I tried data augmentations across the framestack but this did not help PPO/IMPALA performance. It did slightly improve APEX performance but it still performed worse than PPO. No Augs | All Augs | Flip | Rotate | Crop Resize | Translate | Pad Crop |
Model
I’d say my biggest improvement to performance was adjusting the model. Increasing the model width to [32,64,64]
channels drastically improved performance. Pooling the final layer also helped since beforehand most of the model parameters were in the penultimate hidden layer. I tried a few other network variations (self-attention, SE-block, pretrained resnet/mobilenet, depthwise convs, deeper and wider nets), but for some strange reason the performance was always slightly worse. One of the weirdest things was when I tried to replace the maxpool layer with a stride 2 conv but this completely destroyed the training - if anyone else saw this and knows why please let me know. A good learning rate schedule also helped here.
Reward
I tried reward shaping (np.sign(r)*(np.sqrt(np.abs(r)+1)-1)+0.001*r
) and it seemed to help locally with PPO but on larger tests, performance didn’t improve.
I tried adding an intrinsic reward signal (Random Network Distillation) to help exploration for faster training but performance remained approximately the same. However, I didn’t get the original RND method working where you ignore the episode boundaries so that you get exploration across episodes, and the authors say that was important, so that might have been the issue.
Other parameters
I ran a few grid searches and tested out a few parameter combinations, resulting in the following:
gamma: 0.99
kl_coeff: 0.2
kl_target: 0.01
lambda: 0.9
rollout_fragment_length: 200
train_batch_size: 8192
sgd_minibatch_size: 1024
num_sgd_iter: 3
Things that didn’t work
- weight decay
- different network architectures
- sticky actions
- image augmentations
- intrinsic reward
- network normalisations
Biggest improvements (descending)
- Model width and pooling
- Modified framestack
- Good hparams
Problems
- For a while I tried to upgrade ray to the latest version but things kept breaking and my submissions all failed.

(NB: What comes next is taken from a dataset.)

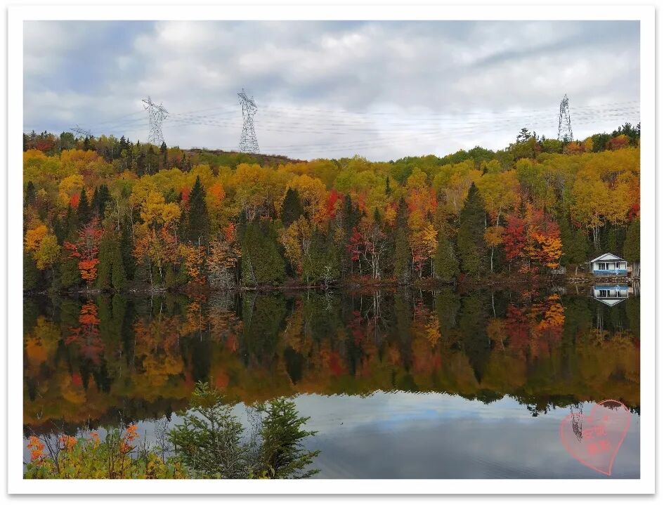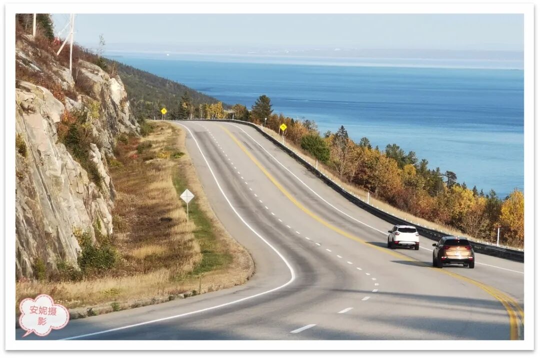 当你的眼睛刚被满山遍野的枫叶所占满正沉浸在无限“枫”情时,忽然宽广壮阔、一望无际的圣劳伦斯河又冒出在你的眼前,顿时让你有一种要一头扎进海里的感觉。这一路心情跌宕起伏,眼睛目不睱接,思绪感慨万千,无限风景,美不胜收,永生难忘。

- Pytorch performance was terrible compared to tensorflow, so I couldn’t use pytorch. I think this is related to the ray version.
- Took a while to get used to the sagemaker pipeline but eventually got a script working that could deploy models from my local computer.
Questions
- Did anyone use a recurrent net to good effect?
- Did anyone use a custom/different algorithm? I saw some trying PPG.
- Did anyone get data augmentation working?
- Did anyone use a pretrained network?
- What led to the biggest improvements in performance for you?
- My toughest environment was plunder (score ~10). Did anyone get good performance on this? What was your toughest env?